The fourth stage in which the actual behavior change occurs is known as the Action stage. As the name of the stage suggests, the individual participates in making actual health behavior changes. It is important to note however that these new behaviors should not be view as permanent until the client has sustained this altered behavior for over a period of 6 months. Lastly comes the Maintenance stage, in which one reinforces their behaviors over the 6 month period of time, leading to health behavior change that can truly be considered permanent.

The Transtheoretical Model can be applied to all individuals looking to or needing to make a healthier lifestyle change. Thus it applies to young Brady who is in need of changing his sedentary lifestyle of reading and videogames to a more active one complimented by a healthier diet. Brady has shown a strong level of awareness of his health over the years, but has always struggled with his weight management. Yet due to recently being diagnosed as an obese child, Brady has realized the importance of lowering his weight to a healthier number. Brady is now quite determined to have his weight under control.

He has shown that he understands that there will be some hardships associated with change, but he knows that the long-term benefits will outweigh all of the short term cons. It is this determination that would suggest that Brady is in the Preparation stage. As his primary care pediatrician, it will be my task to support Brady as he progresses through the stages of change on his way to engaging full time in a healthier lifestyle. Maslow’s Needs Hierarchy Maslow’s Hierarchy of Needs states that people have different levels of prioritized needs.

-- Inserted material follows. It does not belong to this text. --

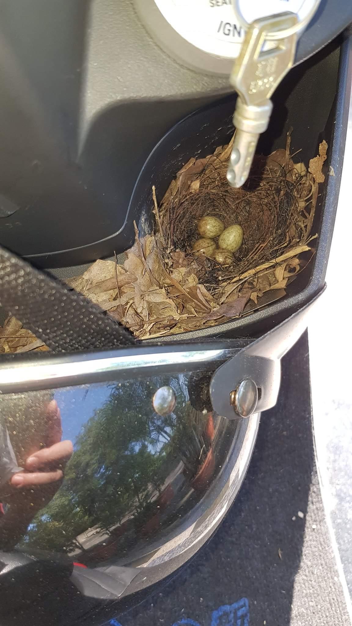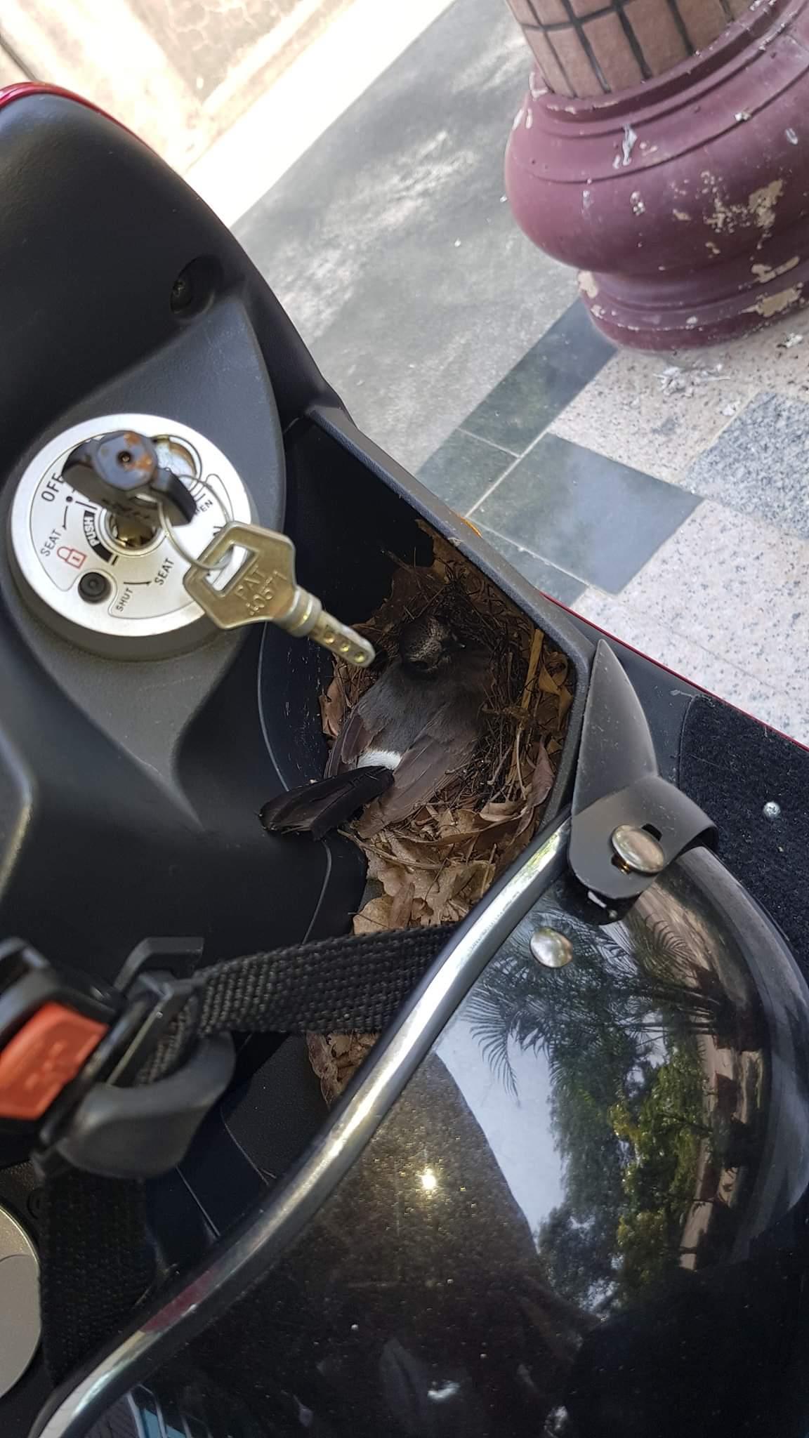 住家附近通常會看到鳥類在陽台或是騎樓築巢,但是在機車裡的應該沒看過吧?台南一名網友就在「爆怨公社」上傳照片,表示自己才一個多星期沒有騎機車,竟然在牽車時看到置物槽被鳥媽媽霸佔,而且還有蛋!

Maslow’s theory, which is usually depicted as a pyramid, illustrates the motivation or need for people to satisfy their more basic and fundamental needs before they work towards satisfying other needs higher up on the pyramid. Maslow stated that a person’s behavior at a particular time in their life is dictated by the stage of the hierarchy that they are in. However, Maslow added that many different motivations and needs from different levels of prioritized needs usually occur at the same time. In total, Maslow’s Hierarchy of Needs is made up of five different levels of need.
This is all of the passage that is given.